You will run several services (web, DNS, database) safely on one hardened Linux host behind a default-deny firewall, each managed by systemd. By the end the server delivers all three services with least-privilege exposure.

Learning Objectives

  • Install and manage web, DNS, and database services.
  • Expose only the required ports with nftables.
  • Monitor service health with systemd and logs.
  • Time: ~12 hours · Difficulty: Advanced · Prereqs: the Linux server labs.

Architecture Overview

Environment Setup

  • A Linux server with systemd and nftables.
  • Nginx, BIND9, and PostgreSQL packages.

Step-by-Step Execution

01
Install and enable the services
sudo apt install -y nginx bind9 postgresql && sudo systemctl enable --now nginx named postgresql
02
Expose only required ports

The database stays local-only; only web and DNS are reachable.

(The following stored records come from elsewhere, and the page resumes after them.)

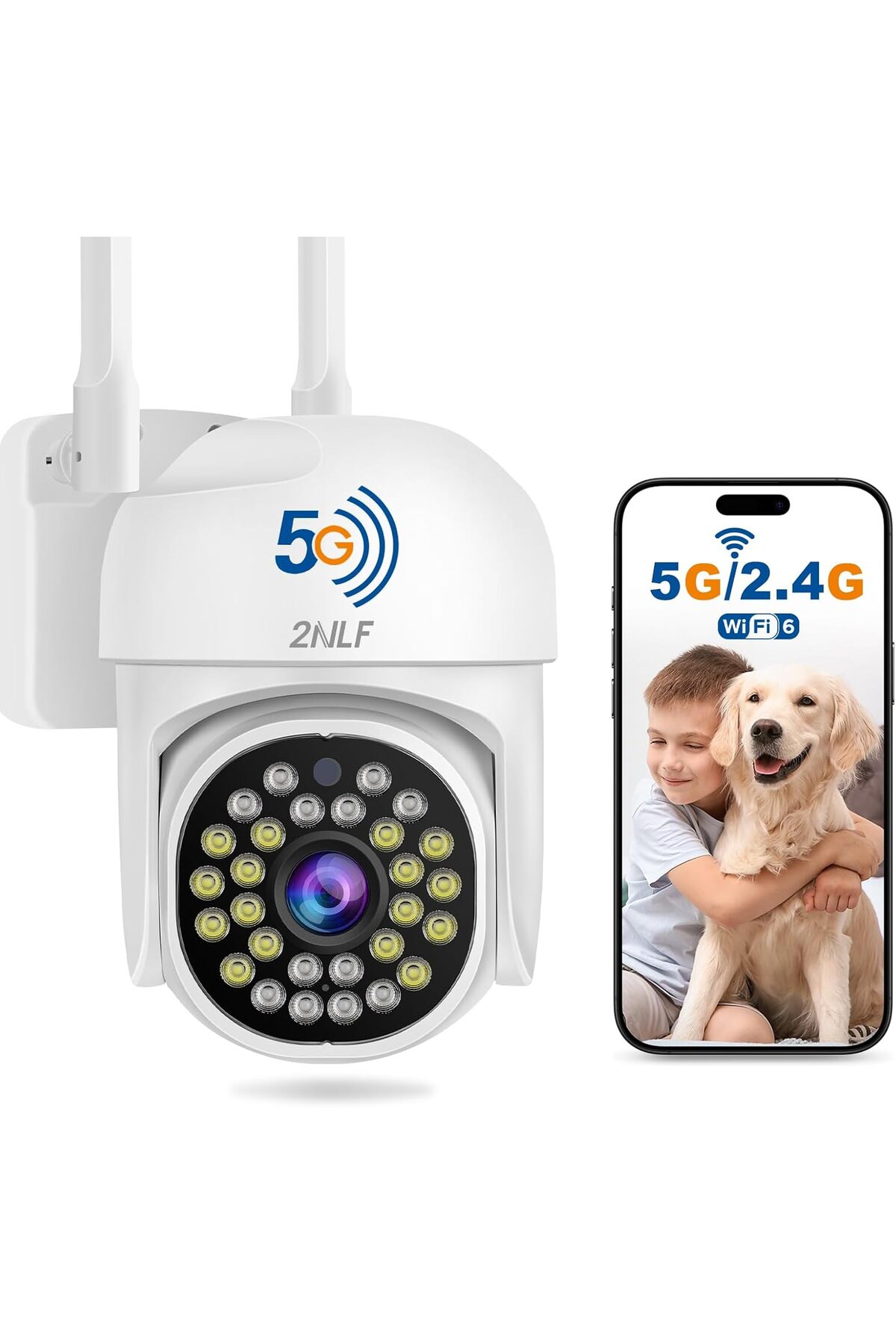 The 2NLF Outdoor Security Camera offers advanced surveillance features such as 1080P HD resolution, 360° pan-tilt-zoom (PTZ) control, motion detection with auto-tracking, color night vision, two-way audio, and dual Wi-Fi connectivity (5GHz & 2.4GHz).
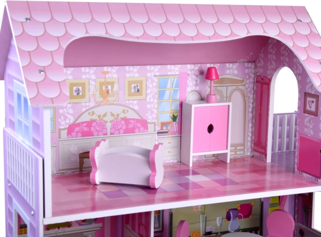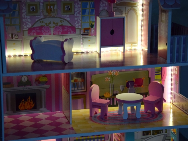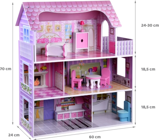 Elegantný drevený domček pre bábiky s 3 poschodiami a 5 miestnosťami, bohatou súpravou nábytku a jemným LED osvetlením. Pevná konštrukcia, rozmery 70 × 60 × 24 cm a jednoduchá montáž do 30 minút podporujú kreatívnu hru s bábikami typu BARBIE a ANLILY.
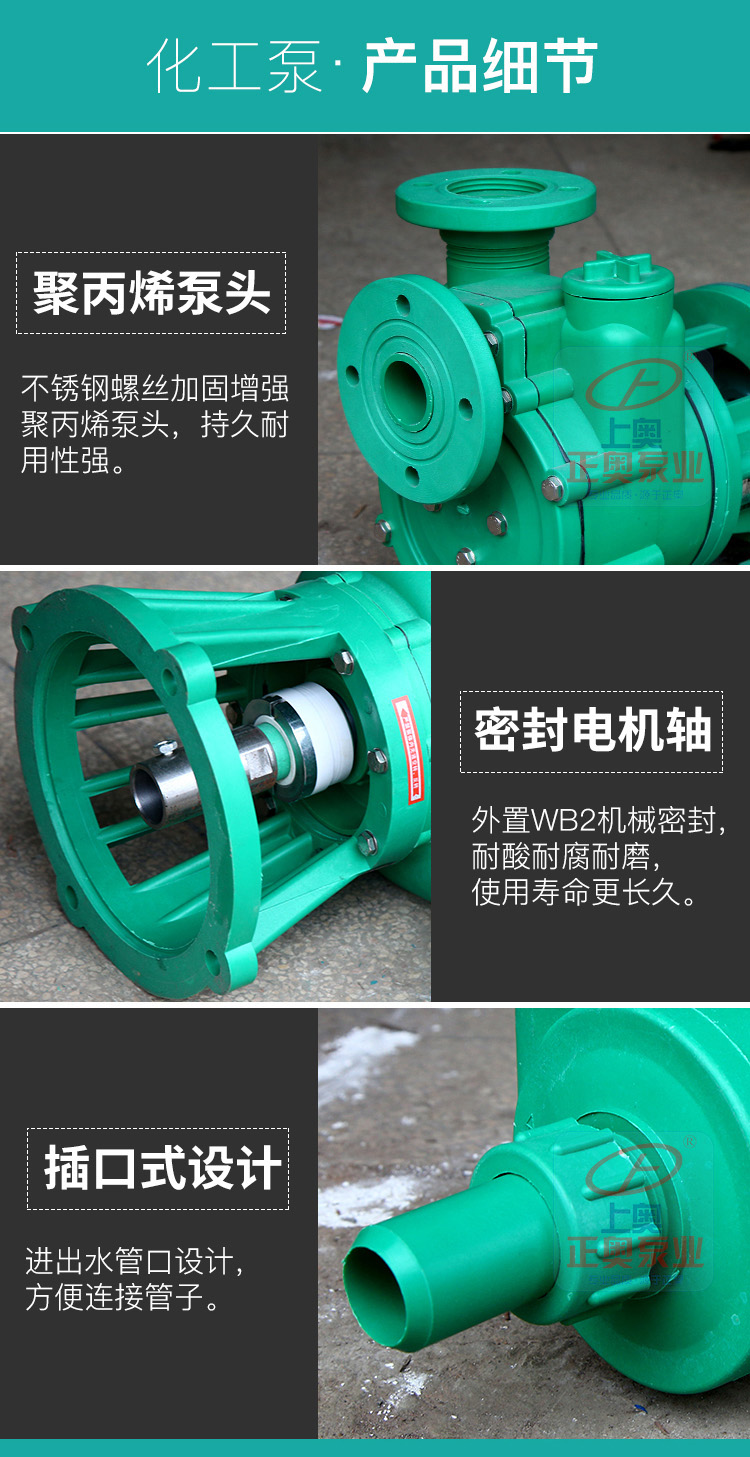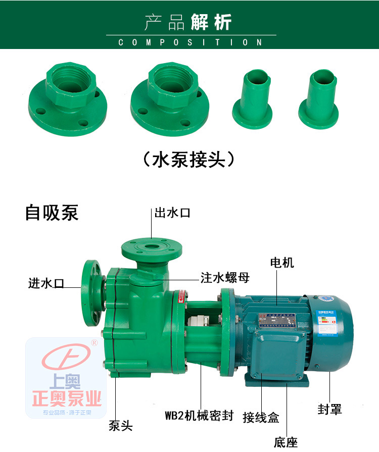 上奧牌FPZ自吸泵采用增強(qiáng)聚丙烯(CFR-PP)一次注塑成型,機(jī)械強(qiáng)度高,耐腐蝕性能強(qiáng),自吸泵結(jié)構(gòu)上有獨(dú)具一格的科學(xué)性,泵腔內(nèi)設(shè)有吸液室、儲(chǔ)液室、回液止回閥、氣液分離室、回流孔。只需在第一次開機(jī)前灌引液,以后不必重復(fù)灌注引液,在吸送介質(zhì)時(shí),液體可時(shí)斷時(shí)續(xù),斷液15分鐘內(nèi)來液可繼續(xù)吸送,機(jī)械密封不需另加冷卻水冷卻,操作簡(jiǎn)便、安全無泄漏,是取代液下泵的產(chǎn)品。CFR-PP材質(zhì):無毒、無污染、耐一般酸堿鹽類,工作溫度-14℃~80℃。

sudo nft add rule inet filter input tcp dport {80,443} accept && sudo nft add rule inet filter input udp dport 53 accept
03
Verify all services are healthy
$ systemctl is-active nginx named postgresql
active active active

Progress So Far

Testing & Validation

curl -s -o /dev/null -w "%{http_code}\n" http://localhost && dig @localhost lab +short && nft list ruleset | grep 5432 || echo "db not exposed"

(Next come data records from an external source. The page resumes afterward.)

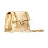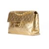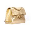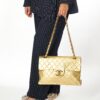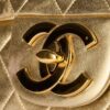 Borsa firmata Chanel, modello Maxi Jumbo, linea vintage Big Logo, realizzata in pelle liscia trapuntata color oro con hardware dorati. Dotata di una patta con chiusura a girello con logo CC, internamente rivestita in pelle nera, molto capiente. Munita di una tracolla in pelle e catena intrecciata per indossare la borsa sia a spalla che a tracolla. Anno di produzione 1989/91, munita di card originale, si presenta in buone condizioni.
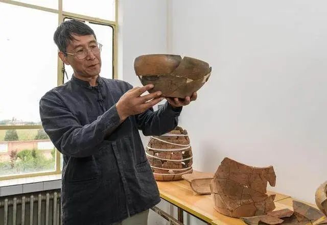 南佐遺址聯(lián)合考古隊(duì)領(lǐng)隊(duì)、中國(guó)人民大學(xué)歷史學(xué)院考古文博系教授韓建業(yè)在遺址研究基地內(nèi)展示出土的陶器(8月23日攝)。新華社記者 李賀 攝
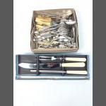 A quantity of cutlery including by makers DIXON and GALLOWAY, plus a boxed set of JOSEPH RODGERS & SONS carving knife, fork and steel
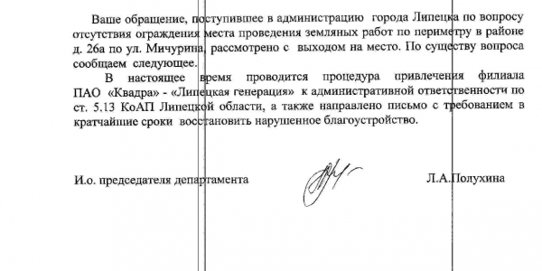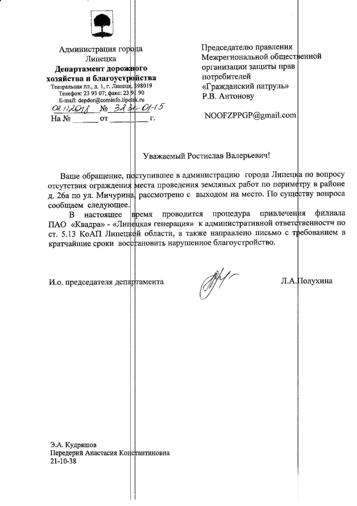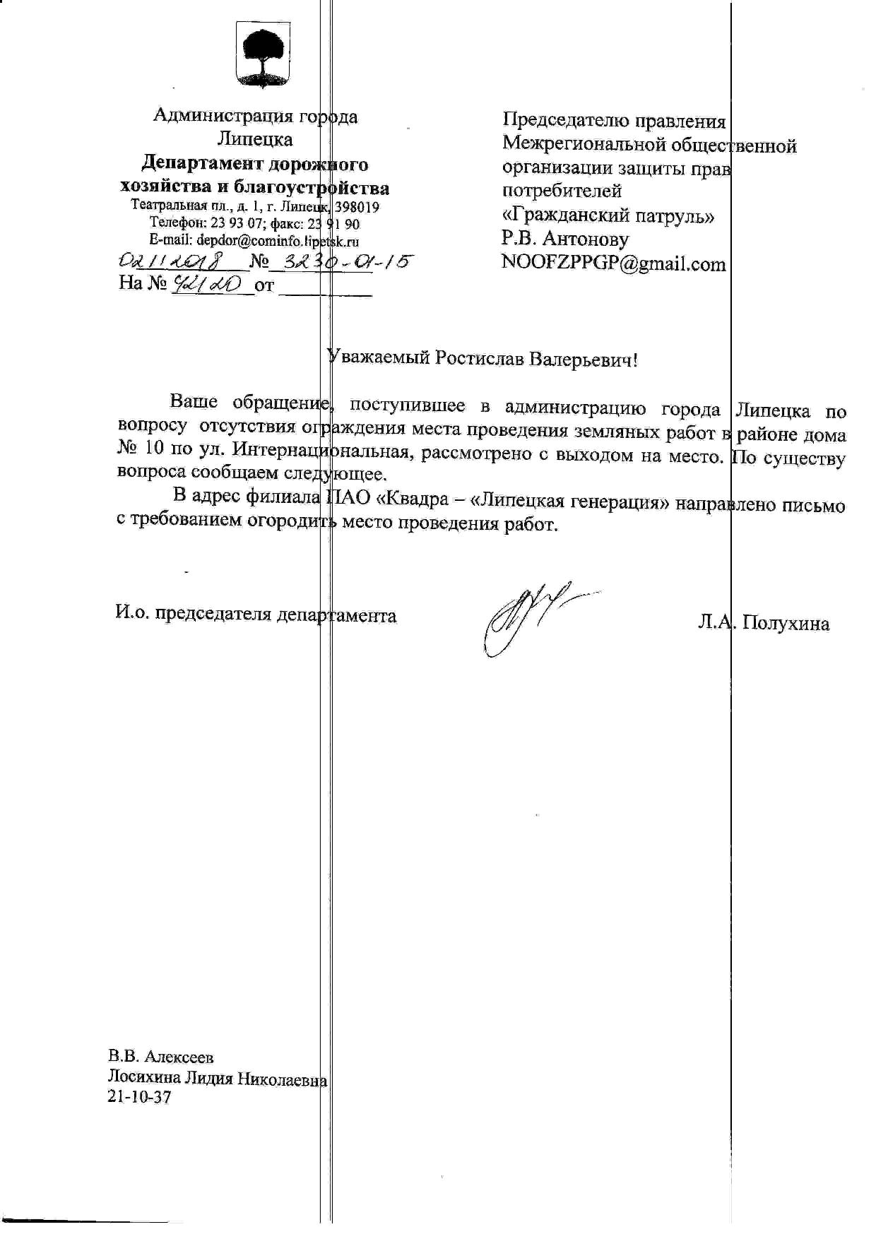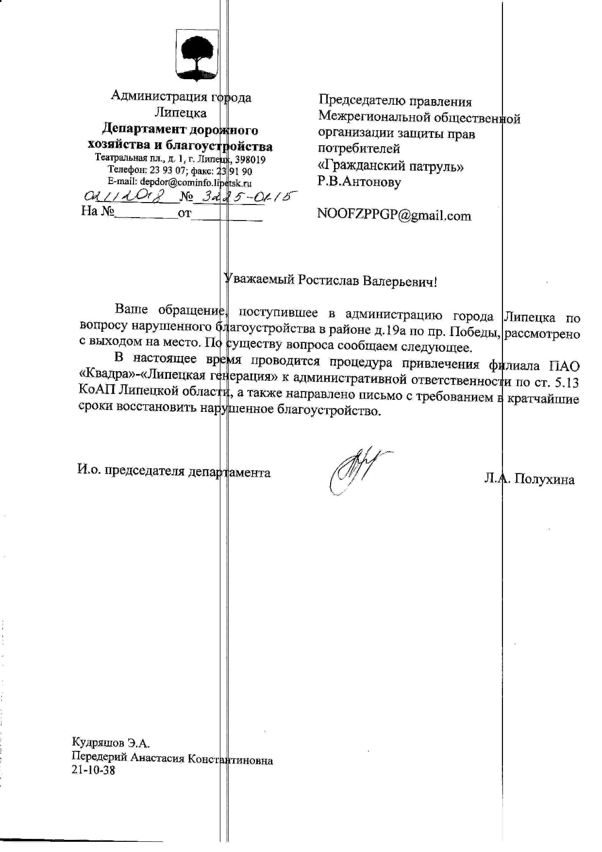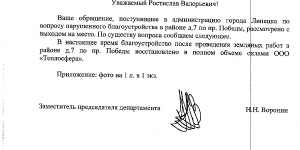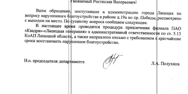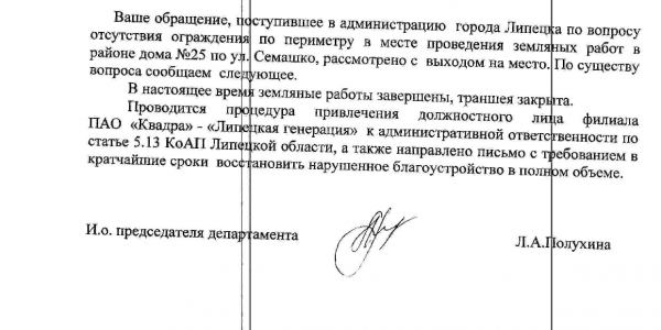 Номер жалобы:42152 Тип жалобы:Прочее Название объекта:Сети Регион:Липецкая область Город:Липецк Адрес:пр-т. Победы, 19А Описание жалобы:Нет благоустройства после работ Статус:
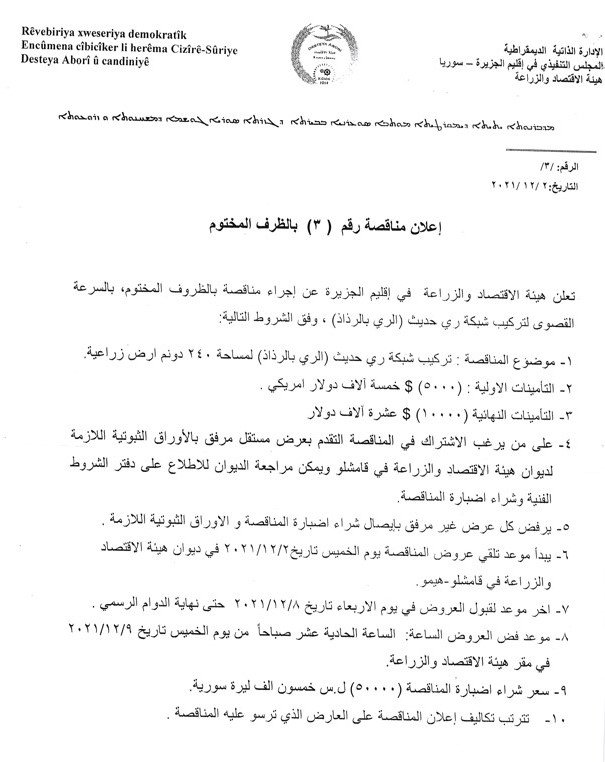 - يبدأ موعد تلقي عروض المناقصة يوم الخميس تاريخ2/12/2021 في ديوان هيئة الاقتصاد والزراعة في قامشلو – هيمو.

Web returns 200, DNS resolves, and the database port is not exposed externally. If so, the server runs all services with least privilege.

Troubleshooting
  • Service won't start: inspect journalctl -u <service> for the failure.
  • Port unreachable: confirm the nftables accept rule precedes the default drop.
  • DB reachable externally: bind PostgreSQL to localhost and block 5432 at the firewall.

Extension Ideas

Key Results

  • Ran web, DNS, and database on one hardened host.
  • Exposed only the required ports via default-deny nftables.
  • Kept the database local-only with no external exposure.
  • Verified health of all three services.